Try it —
Only the lines from the one containing "また、フィンが第2通路部に位" through the one containing "اعتصام أمريكي أمام" should be printed, exactly as they appear below, with both ends included.

Task input —
------
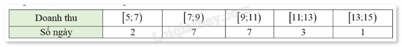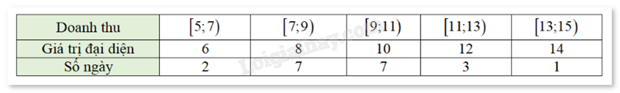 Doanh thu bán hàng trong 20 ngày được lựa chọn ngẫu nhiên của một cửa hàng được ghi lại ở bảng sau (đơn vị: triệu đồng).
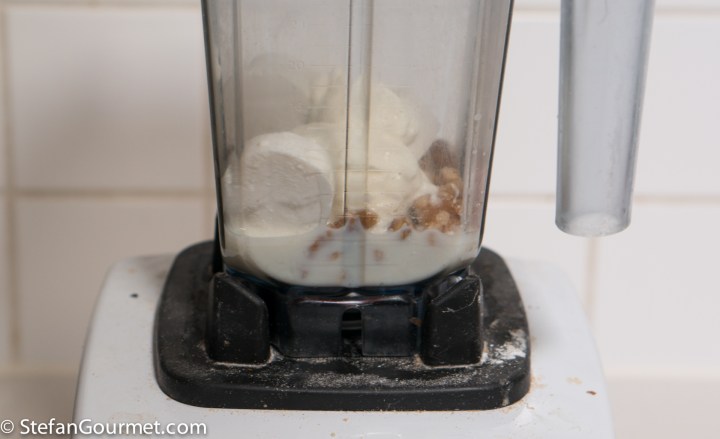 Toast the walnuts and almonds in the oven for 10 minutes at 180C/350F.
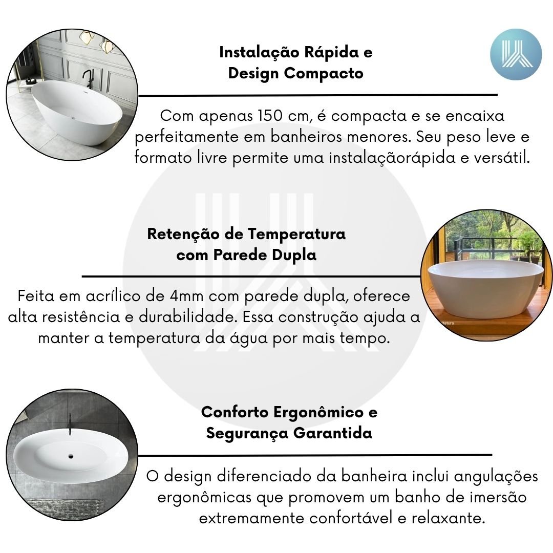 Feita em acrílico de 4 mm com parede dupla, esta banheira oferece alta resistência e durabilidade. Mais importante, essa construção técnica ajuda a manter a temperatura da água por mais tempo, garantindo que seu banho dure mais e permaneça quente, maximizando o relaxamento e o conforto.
------
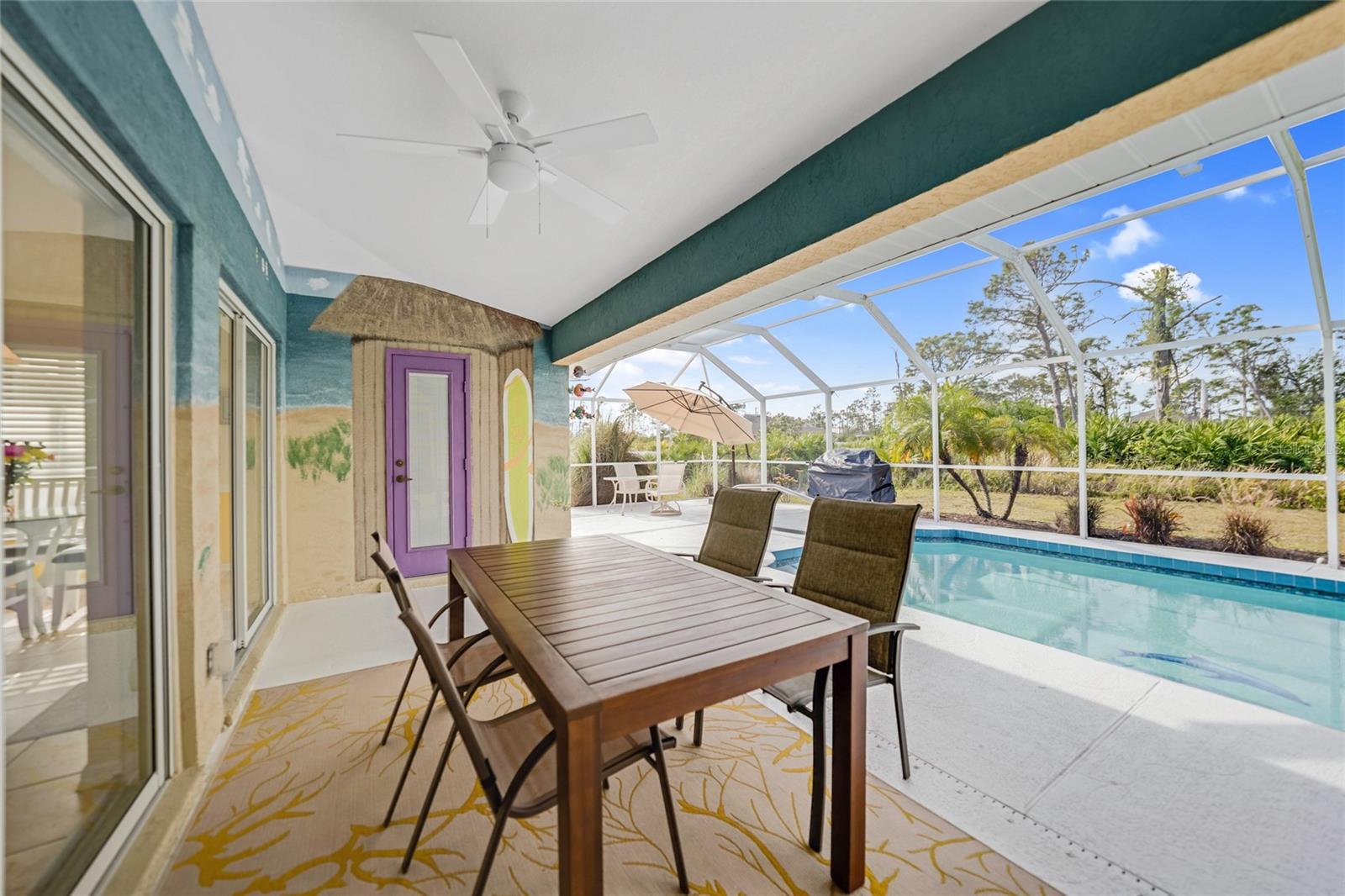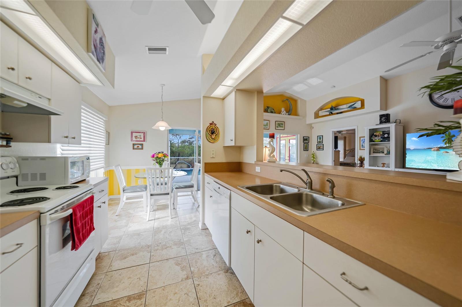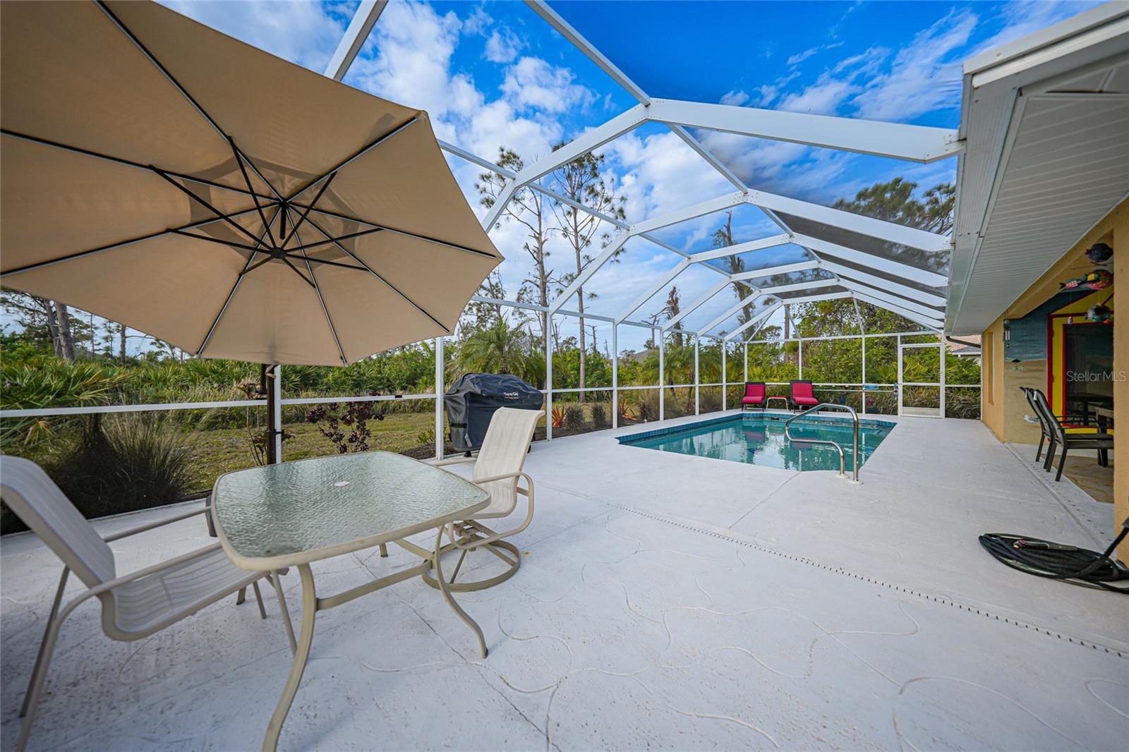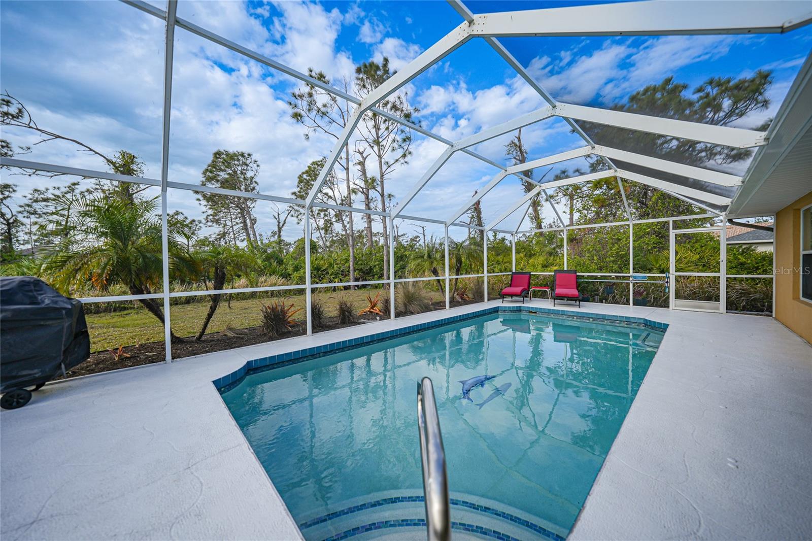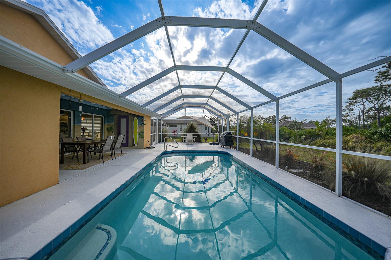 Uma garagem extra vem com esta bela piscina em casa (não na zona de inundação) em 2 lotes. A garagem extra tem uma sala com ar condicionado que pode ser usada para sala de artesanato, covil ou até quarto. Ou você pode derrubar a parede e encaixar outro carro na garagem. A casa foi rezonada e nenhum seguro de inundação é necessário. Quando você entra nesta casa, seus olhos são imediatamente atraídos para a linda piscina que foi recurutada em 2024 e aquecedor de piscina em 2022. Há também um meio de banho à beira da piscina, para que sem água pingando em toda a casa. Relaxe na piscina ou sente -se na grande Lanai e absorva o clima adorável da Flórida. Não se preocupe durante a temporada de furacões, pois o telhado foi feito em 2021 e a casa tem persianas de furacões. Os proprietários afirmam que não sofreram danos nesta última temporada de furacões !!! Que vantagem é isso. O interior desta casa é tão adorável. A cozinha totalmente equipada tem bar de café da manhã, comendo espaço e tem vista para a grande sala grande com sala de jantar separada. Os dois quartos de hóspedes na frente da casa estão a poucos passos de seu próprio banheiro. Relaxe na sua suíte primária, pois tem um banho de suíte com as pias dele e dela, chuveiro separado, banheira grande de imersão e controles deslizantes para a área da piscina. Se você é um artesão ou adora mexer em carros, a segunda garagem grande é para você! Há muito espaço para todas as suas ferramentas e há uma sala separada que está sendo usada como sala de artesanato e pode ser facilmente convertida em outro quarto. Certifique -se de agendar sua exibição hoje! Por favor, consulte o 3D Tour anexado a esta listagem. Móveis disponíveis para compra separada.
------
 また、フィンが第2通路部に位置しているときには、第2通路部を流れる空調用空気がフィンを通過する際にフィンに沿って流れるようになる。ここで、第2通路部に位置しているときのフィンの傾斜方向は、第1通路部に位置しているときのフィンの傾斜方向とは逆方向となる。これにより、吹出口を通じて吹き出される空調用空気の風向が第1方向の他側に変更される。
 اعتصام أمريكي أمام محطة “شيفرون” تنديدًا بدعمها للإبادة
------
Answer to this exercise —
 また、フィンが第2通路部に位置しているときには、第2通路部を流れる空調用空気がフィンを通過する際にフィンに沿って流れるようになる。ここで、第2通路部に位置しているときのフィンの傾斜方向は、第1通路部に位置しているときのフィンの傾斜方向とは逆方向となる。これにより、吹出口を通じて吹き出される空調用空気の風向が第1方向の他側に変更される。
 اعتصام أمريكي أمام محطة “شيفرون” تنديدًا بدعمها للإبادة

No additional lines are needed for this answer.